Opportune points of departure for exploring the dynamics of representation, such as led to Peirce's theories of inference and information, inquiry and signs, are those that he took for his own springboards. Perhaps the most significant influences radiate from points on parallel lines of inquiry in Aristotle's work, points where the intellectual forerunner focused on many of the same issues and even came to strikingly similar conclusions, at least about the best ways to begin. To keep on course to a more solid basis for understanding Peirce, it serves to consider the following loci in Aristotle:

* The basic terminology of psychology, in On the Soul.

* The founding description of sign relations, in On Interpretation;

* The differentiation of the genus of reasoning into three species of inference that are commonly translated into English as abduction, deduction, and induction, in the Prior Analytics.

In addition to the three elements of inference, that Peirce would assay to be irreducible, Aristotle analyzed several types of compound inference, most importantly the type known as 'reasoning by analogy' or 'reasoning from example', employing for the latter description the Greek word 'paradeigma', from which we get our word 'paradigm'.

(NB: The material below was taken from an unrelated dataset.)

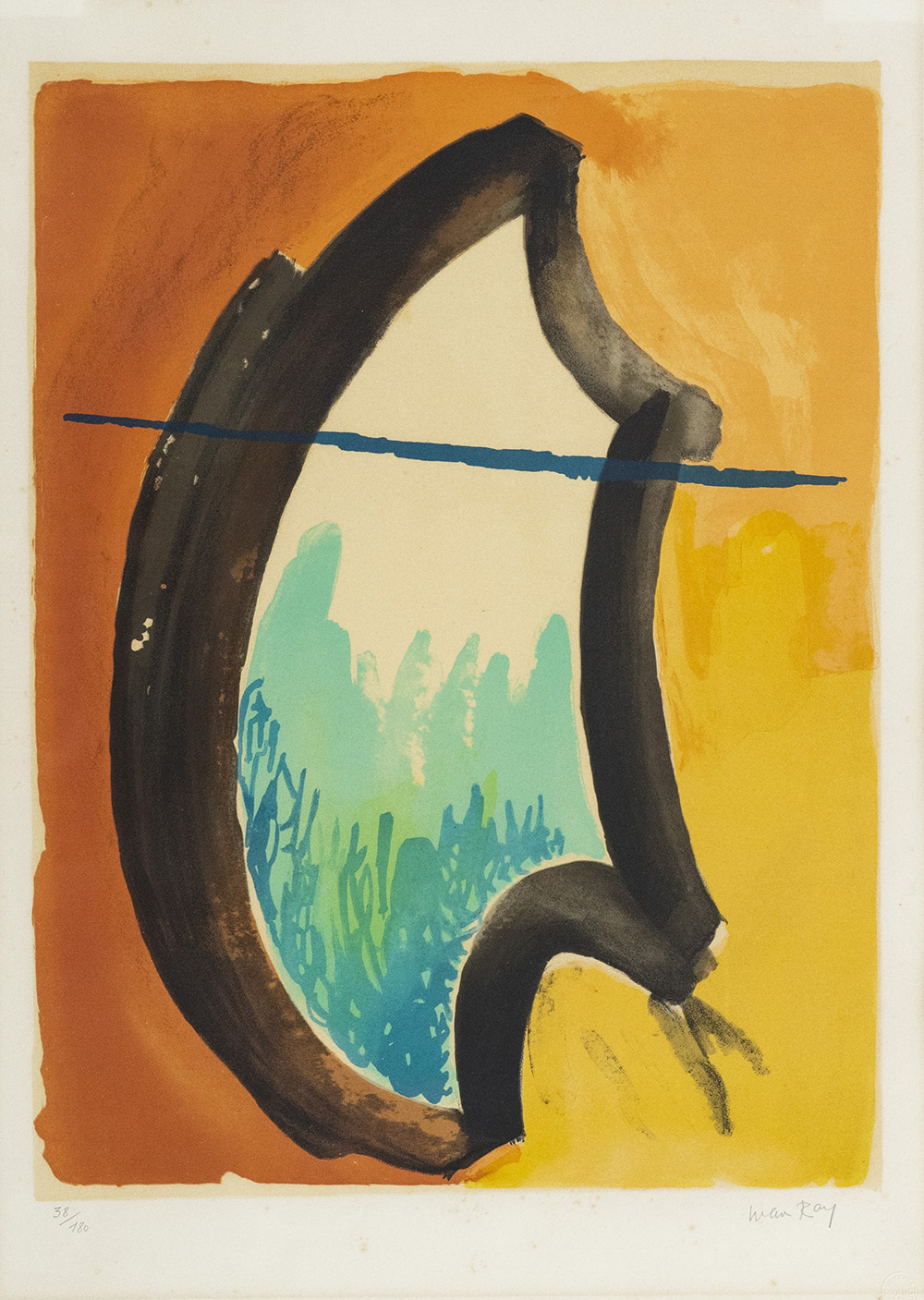 Man Ray (Philadelphia 1890 Parigi 1976) De l'origine de l'espece 1971, Litografia su carta, cm. 50x36, es. 38/180., Firma e timbro a secco "Libreria Prandi Reggio Emilia" in basso a destra, tiratura in basso a sinistra. L'opera fa' parte della cartella di 10 Litografie "L'origine dell' espace", tirate a Parigi dalla stamperia Mourlot.

Inquiry is a form of reasoning process; it institutes a specially conducted way, manner, style, or turn of thinking. Philosophers of the school that is commonly called 'pragmatic' hold with Peirce that "all thought is in signs, where 'sign' is the word for the broadest conceivable variety of indices, semblances, signals, symbols, formulas, texts, and so on up the line, that might be imagined. Even intellectual concepts and mental ideas are held to be a special class of signs, corresponding to internal states of the thinking agent that both issue in and result from the interpretation of external signs.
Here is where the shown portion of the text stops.